■ WORK ORDER: Reproduce the entire listing exactly as written, apart from its pictures.

■ COLLECTED DATA:
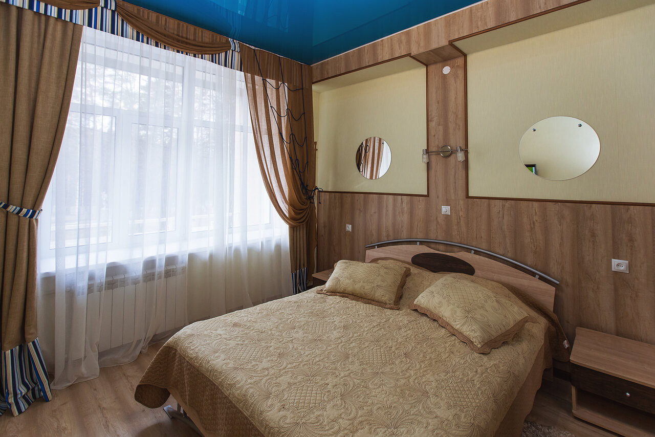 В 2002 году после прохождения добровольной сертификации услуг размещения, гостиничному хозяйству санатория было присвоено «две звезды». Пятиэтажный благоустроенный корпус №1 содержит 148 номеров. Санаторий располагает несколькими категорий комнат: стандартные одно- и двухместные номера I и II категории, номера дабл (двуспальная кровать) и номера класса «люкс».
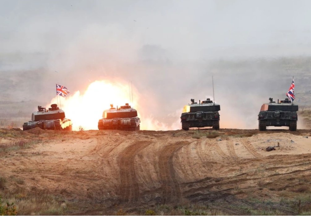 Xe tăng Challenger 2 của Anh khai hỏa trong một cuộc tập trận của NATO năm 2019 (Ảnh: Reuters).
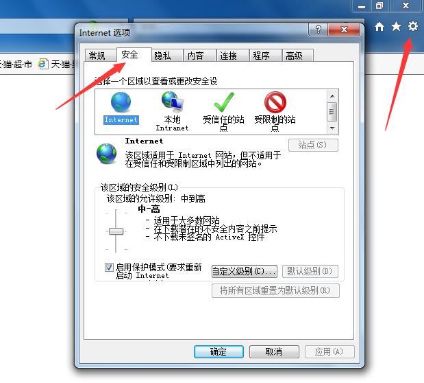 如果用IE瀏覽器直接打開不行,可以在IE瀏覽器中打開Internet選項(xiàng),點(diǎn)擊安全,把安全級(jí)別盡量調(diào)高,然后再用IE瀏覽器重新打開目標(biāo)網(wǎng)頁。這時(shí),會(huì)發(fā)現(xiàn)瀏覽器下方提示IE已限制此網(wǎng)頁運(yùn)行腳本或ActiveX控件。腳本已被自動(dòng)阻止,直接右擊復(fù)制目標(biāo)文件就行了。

■ ANSWER AREA:
 В 2002 году после прохождения добровольной сертификации услуг размещения, гостиничному хозяйству санатория было присвоено «две звезды». Пятиэтажный благоустроенный корпус №1 содержит 148 номеров. Санаторий располагает несколькими категорий комнат: стандартные одно- и двухместные номера I и II категории, номера дабл (двуспальная кровать) и номера класса «люкс».
 Xe tăng Challenger 2 của Anh khai hỏa trong một cuộc tập trận của NATO năm 2019 (Ảnh: Reuters).
 如果用IE瀏覽器直接打開不行,可以在IE瀏覽器中打開Internet選項(xiàng),點(diǎn)擊安全,把安全級(jí)別盡量調(diào)高,然后再用IE瀏覽器重新打開目標(biāo)網(wǎng)頁。這時(shí),會(huì)發(fā)現(xiàn)瀏覽器下方提示IE已限制此網(wǎng)頁運(yùn)行腳本或ActiveX控件。腳本已被自動(dòng)阻止,直接右擊復(fù)制目標(biāo)文件就行了。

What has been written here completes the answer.